Supplied records:
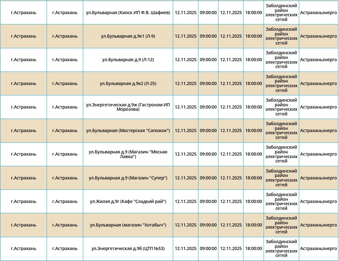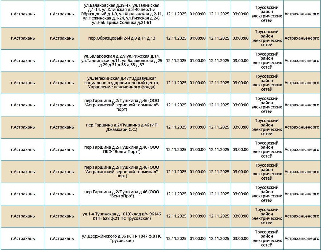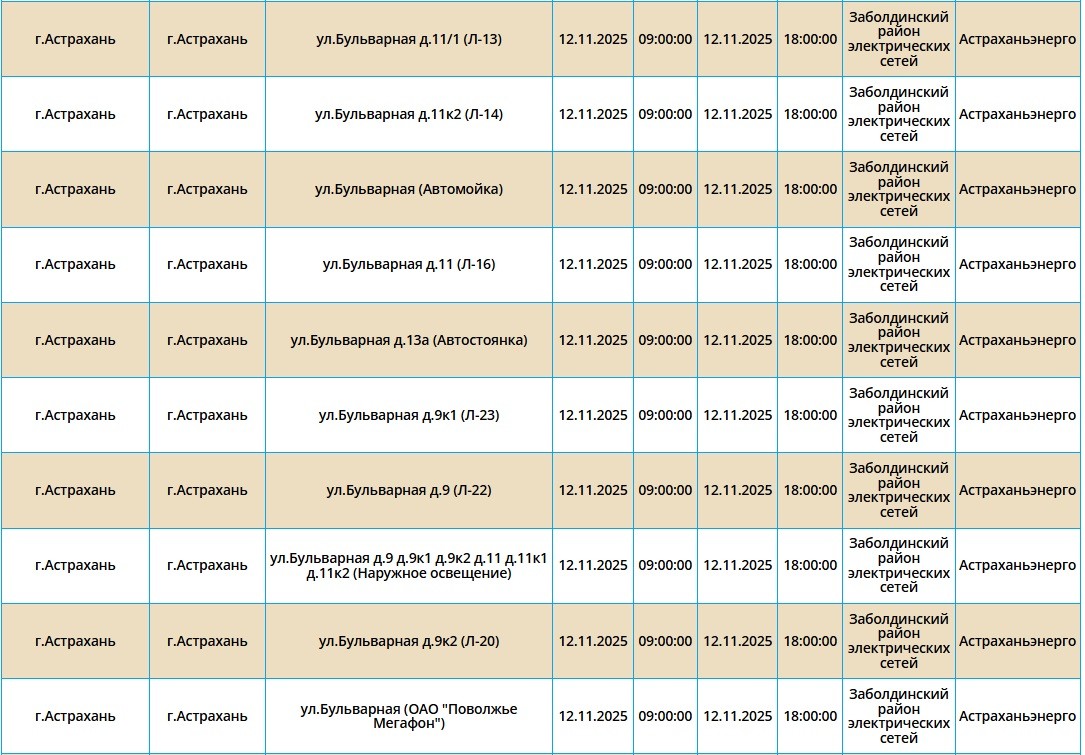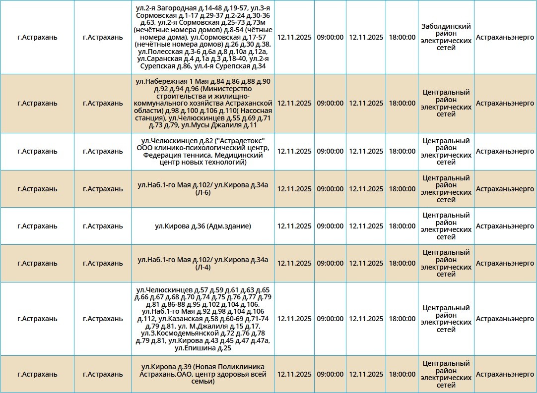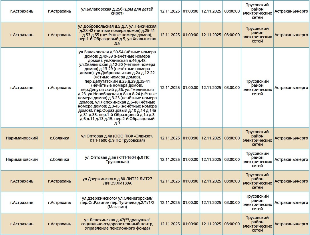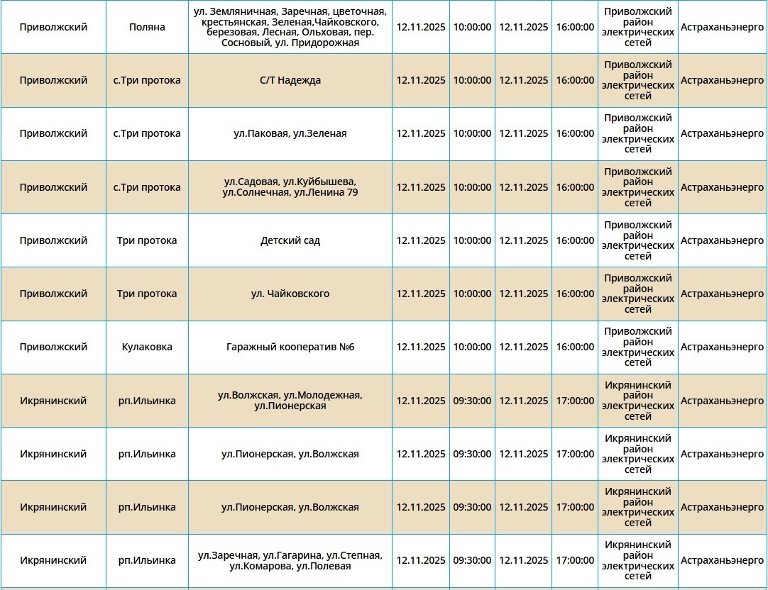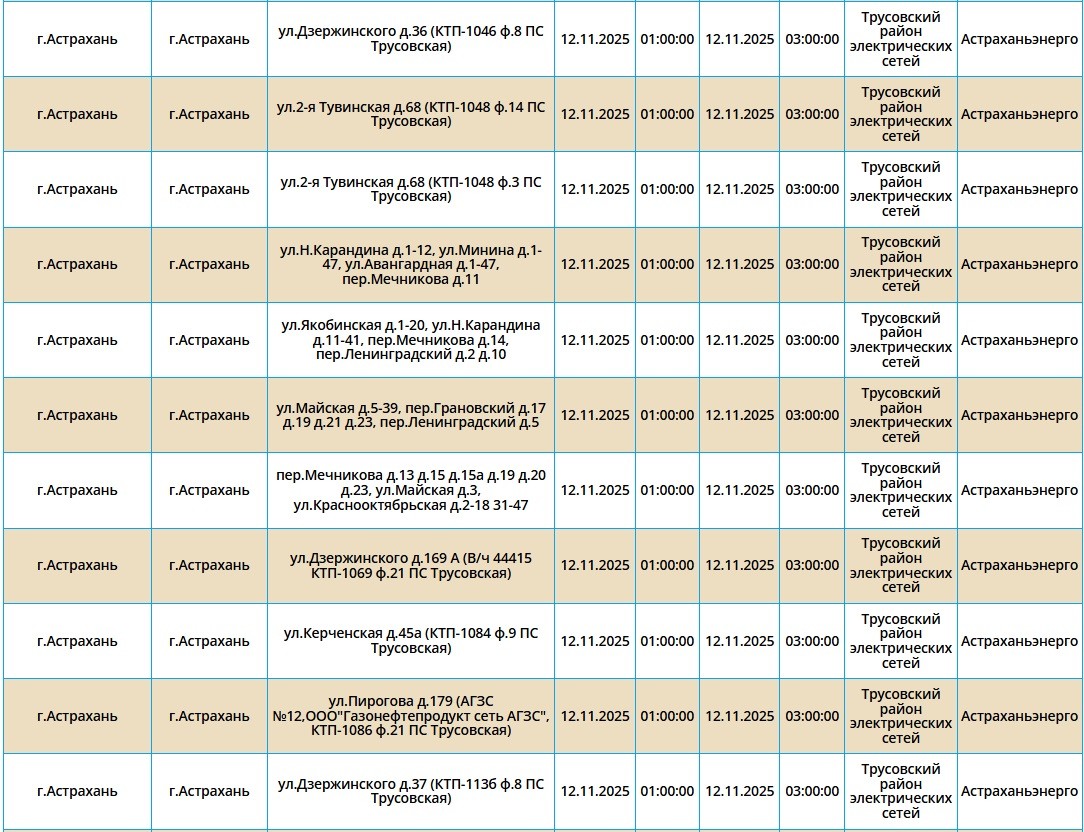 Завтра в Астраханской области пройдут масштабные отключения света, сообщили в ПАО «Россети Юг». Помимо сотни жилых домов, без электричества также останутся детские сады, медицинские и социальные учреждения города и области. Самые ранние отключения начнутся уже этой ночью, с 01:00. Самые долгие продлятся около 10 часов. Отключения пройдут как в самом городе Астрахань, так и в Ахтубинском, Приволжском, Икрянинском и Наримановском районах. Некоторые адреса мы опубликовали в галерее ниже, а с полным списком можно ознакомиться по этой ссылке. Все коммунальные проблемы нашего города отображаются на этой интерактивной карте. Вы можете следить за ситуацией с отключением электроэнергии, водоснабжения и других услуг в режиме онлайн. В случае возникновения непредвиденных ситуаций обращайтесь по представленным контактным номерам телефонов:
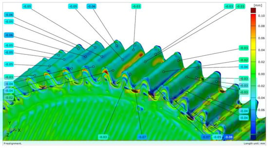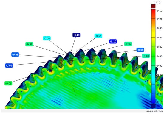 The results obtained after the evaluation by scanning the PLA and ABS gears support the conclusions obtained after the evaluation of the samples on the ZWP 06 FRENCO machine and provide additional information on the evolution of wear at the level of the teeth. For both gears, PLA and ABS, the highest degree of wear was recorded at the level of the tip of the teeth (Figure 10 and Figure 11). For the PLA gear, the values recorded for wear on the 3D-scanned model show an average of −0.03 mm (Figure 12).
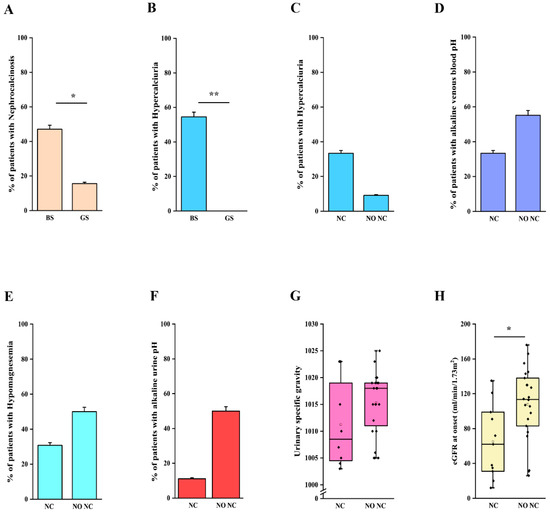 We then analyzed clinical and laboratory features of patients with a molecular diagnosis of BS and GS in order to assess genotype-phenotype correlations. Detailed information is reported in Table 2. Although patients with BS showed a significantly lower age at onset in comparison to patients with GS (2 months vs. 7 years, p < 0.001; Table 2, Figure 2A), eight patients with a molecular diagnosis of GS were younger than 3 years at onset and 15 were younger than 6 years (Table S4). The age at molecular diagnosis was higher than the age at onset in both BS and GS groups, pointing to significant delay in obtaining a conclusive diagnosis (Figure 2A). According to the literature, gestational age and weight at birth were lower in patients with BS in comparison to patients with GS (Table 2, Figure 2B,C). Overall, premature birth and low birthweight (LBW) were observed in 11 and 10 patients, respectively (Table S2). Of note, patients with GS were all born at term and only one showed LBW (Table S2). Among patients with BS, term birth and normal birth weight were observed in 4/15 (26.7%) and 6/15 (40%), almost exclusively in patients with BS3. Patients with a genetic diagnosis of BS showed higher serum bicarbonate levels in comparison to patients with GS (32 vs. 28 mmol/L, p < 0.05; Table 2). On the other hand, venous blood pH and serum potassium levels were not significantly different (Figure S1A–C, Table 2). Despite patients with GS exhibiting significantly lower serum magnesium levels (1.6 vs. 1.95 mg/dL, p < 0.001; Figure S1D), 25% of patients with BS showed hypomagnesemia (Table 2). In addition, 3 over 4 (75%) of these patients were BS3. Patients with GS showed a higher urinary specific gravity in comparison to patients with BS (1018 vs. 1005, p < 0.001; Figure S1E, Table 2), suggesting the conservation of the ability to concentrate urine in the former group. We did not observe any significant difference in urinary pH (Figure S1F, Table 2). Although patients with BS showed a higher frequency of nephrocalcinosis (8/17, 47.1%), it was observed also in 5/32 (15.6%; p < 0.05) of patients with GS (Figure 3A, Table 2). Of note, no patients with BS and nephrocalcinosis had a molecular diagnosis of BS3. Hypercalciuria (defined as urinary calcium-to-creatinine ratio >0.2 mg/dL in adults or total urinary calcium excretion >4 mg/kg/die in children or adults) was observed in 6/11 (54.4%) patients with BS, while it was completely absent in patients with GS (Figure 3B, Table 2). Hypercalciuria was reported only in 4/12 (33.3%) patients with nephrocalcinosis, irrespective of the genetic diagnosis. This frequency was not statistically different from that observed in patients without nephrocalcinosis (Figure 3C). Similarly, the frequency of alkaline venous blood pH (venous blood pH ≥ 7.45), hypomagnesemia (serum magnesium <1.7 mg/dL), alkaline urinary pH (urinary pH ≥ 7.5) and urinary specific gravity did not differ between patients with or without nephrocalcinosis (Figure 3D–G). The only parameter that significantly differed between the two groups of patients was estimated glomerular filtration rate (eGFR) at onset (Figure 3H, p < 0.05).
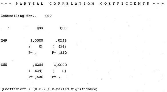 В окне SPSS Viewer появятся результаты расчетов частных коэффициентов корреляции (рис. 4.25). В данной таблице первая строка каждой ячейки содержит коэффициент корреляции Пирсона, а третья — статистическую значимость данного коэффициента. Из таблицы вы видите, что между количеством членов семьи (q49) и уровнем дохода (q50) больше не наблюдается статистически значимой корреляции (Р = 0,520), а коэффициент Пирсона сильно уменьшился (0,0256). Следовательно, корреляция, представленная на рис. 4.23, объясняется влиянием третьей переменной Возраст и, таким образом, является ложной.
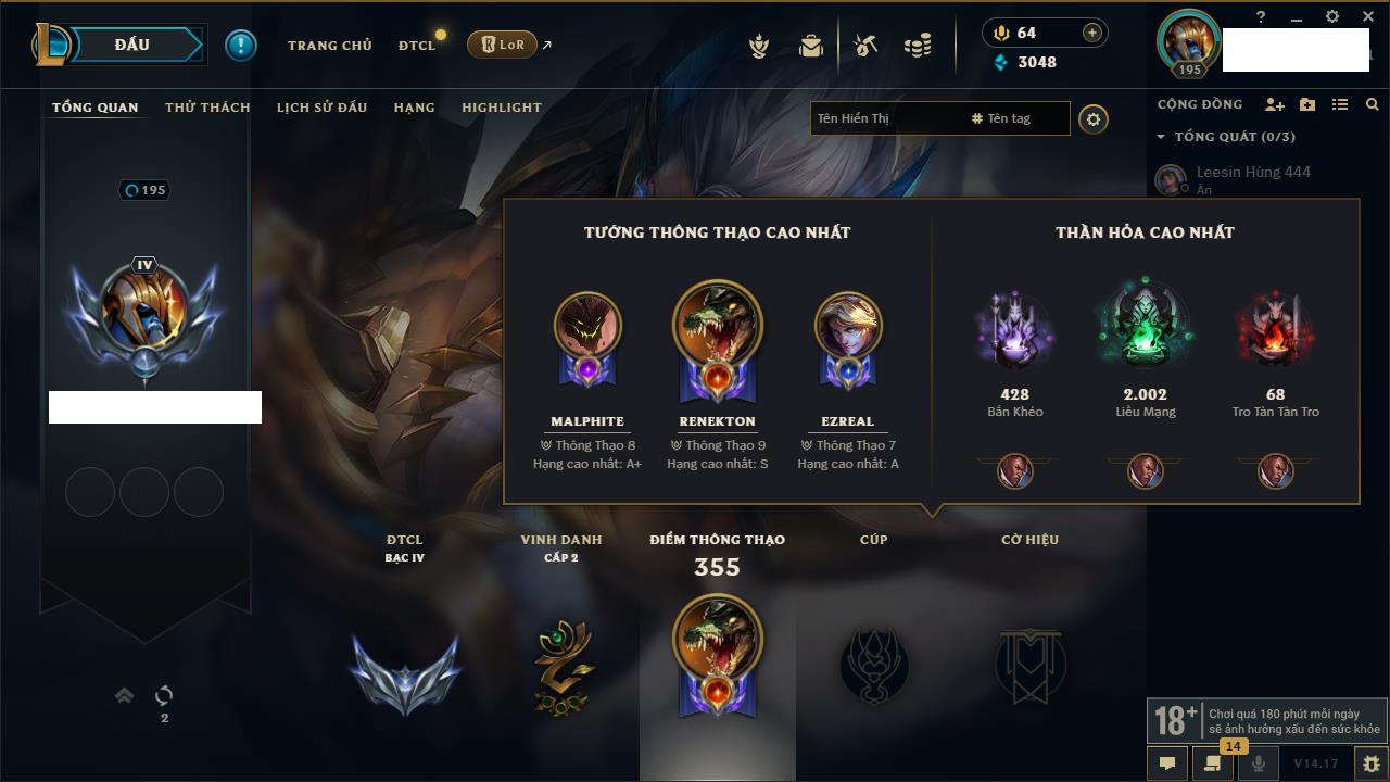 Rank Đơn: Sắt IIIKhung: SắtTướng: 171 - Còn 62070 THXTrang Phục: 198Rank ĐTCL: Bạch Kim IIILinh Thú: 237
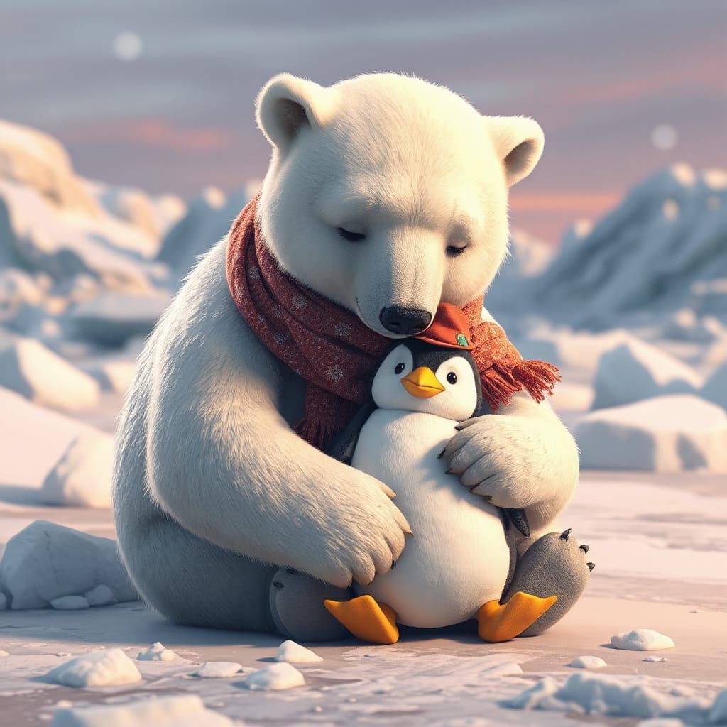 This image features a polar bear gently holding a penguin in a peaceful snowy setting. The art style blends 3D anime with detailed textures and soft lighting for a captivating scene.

What you should do:
With the pictures left aside, write out all of the records above exactly.

Output:
 Завтра в Астраханской области пройдут масштабные отключения света, сообщили в ПАО «Россети Юг». Помимо сотни жилых домов, без электричества также останутся детские сады, медицинские и социальные учреждения города и области. Самые ранние отключения начнутся уже этой ночью, с 01:00. Самые долгие продлятся около 10 часов. Отключения пройдут как в самом городе Астрахань, так и в Ахтубинском, Приволжском, Икрянинском и Наримановском районах. Некоторые адреса мы опубликовали в галерее ниже, а с полным списком можно ознакомиться по этой ссылке. Все коммунальные проблемы нашего города отображаются на этой интерактивной карте. Вы можете следить за ситуацией с отключением электроэнергии, водоснабжения и других услуг в режиме онлайн. В случае возникновения непредвиденных ситуаций обращайтесь по представленным контактным номерам телефонов:
 The results obtained after the evaluation by scanning the PLA and ABS gears support the conclusions obtained after the evaluation of the samples on the ZWP 06 FRENCO machine and provide additional information on the evolution of wear at the level of the teeth. For both gears, PLA and ABS, the highest degree of wear was recorded at the level of the tip of the teeth (Figure 10 and Figure 11). For the PLA gear, the values recorded for wear on the 3D-scanned model show an average of −0.03 mm (Figure 12).
 We then analyzed clinical and laboratory features of patients with a molecular diagnosis of BS and GS in order to assess genotype-phenotype correlations. Detailed information is reported in Table 2. Although patients with BS showed a significantly lower age at onset in comparison to patients with GS (2 months vs. 7 years, p < 0.001; Table 2, Figure 2A), eight patients with a molecular diagnosis of GS were younger than 3 years at onset and 15 were younger than 6 years (Table S4). The age at molecular diagnosis was higher than the age at onset in both BS and GS groups, pointing to significant delay in obtaining a conclusive diagnosis (Figure 2A). According to the literature, gestational age and weight at birth were lower in patients with BS in comparison to patients with GS (Table 2, Figure 2B,C). Overall, premature birth and low birthweight (LBW) were observed in 11 and 10 patients, respectively (Table S2). Of note, patients with GS were all born at term and only one showed LBW (Table S2). Among patients with BS, term birth and normal birth weight were observed in 4/15 (26.7%) and 6/15 (40%), almost exclusively in patients with BS3. Patients with a genetic diagnosis of BS showed higher serum bicarbonate levels in comparison to patients with GS (32 vs. 28 mmol/L, p < 0.05; Table 2). On the other hand, venous blood pH and serum potassium levels were not significantly different (Figure S1A–C, Table 2). Despite patients with GS exhibiting significantly lower serum magnesium levels (1.6 vs. 1.95 mg/dL, p < 0.001; Figure S1D), 25% of patients with BS showed hypomagnesemia (Table 2). In addition, 3 over 4 (75%) of these patients were BS3. Patients with GS showed a higher urinary specific gravity in comparison to patients with BS (1018 vs. 1005, p < 0.001; Figure S1E, Table 2), suggesting the conservation of the ability to concentrate urine in the former group. We did not observe any significant difference in urinary pH (Figure S1F, Table 2). Although patients with BS showed a higher frequency of nephrocalcinosis (8/17, 47.1%), it was observed also in 5/32 (15.6%; p < 0.05) of patients with GS (Figure 3A, Table 2). Of note, no patients with BS and nephrocalcinosis had a molecular diagnosis of BS3. Hypercalciuria (defined as urinary calcium-to-creatinine ratio >0.2 mg/dL in adults or total urinary calcium excretion >4 mg/kg/die in children or adults) was observed in 6/11 (54.4%) patients with BS, while it was completely absent in patients with GS (Figure 3B, Table 2). Hypercalciuria was reported only in 4/12 (33.3%) patients with nephrocalcinosis, irrespective of the genetic diagnosis. This frequency was not statistically different from that observed in patients without nephrocalcinosis (Figure 3C). Similarly, the frequency of alkaline venous blood pH (venous blood pH ≥ 7.45), hypomagnesemia (serum magnesium <1.7 mg/dL), alkaline urinary pH (urinary pH ≥ 7.5) and urinary specific gravity did not differ between patients with or without nephrocalcinosis (Figure 3D–G). The only parameter that significantly differed between the two groups of patients was estimated glomerular filtration rate (eGFR) at onset (Figure 3H, p < 0.05).
 В окне SPSS Viewer появятся результаты расчетов частных коэффициентов корреляции (рис. 4.25). В данной таблице первая строка каждой ячейки содержит коэффициент корреляции Пирсона, а третья — статистическую значимость данного коэффициента. Из таблицы вы видите, что между количеством членов семьи (q49) и уровнем дохода (q50) больше не наблюдается статистически значимой корреляции (Р = 0,520), а коэффициент Пирсона сильно уменьшился (0,0256). Следовательно, корреляция, представленная на рис. 4.23, объясняется влиянием третьей переменной Возраст и, таким образом, является ложной.
 Rank Đơn: Sắt IIIKhung: SắtTướng: 171 - Còn 62070 THXTrang Phục: 198Rank ĐTCL: Bạch Kim IIILinh Thú: 237
 This image features a polar bear gently holding a penguin in a peaceful snowy setting. The art style blends 3D anime with detailed textures and soft lighting for a captivating scene.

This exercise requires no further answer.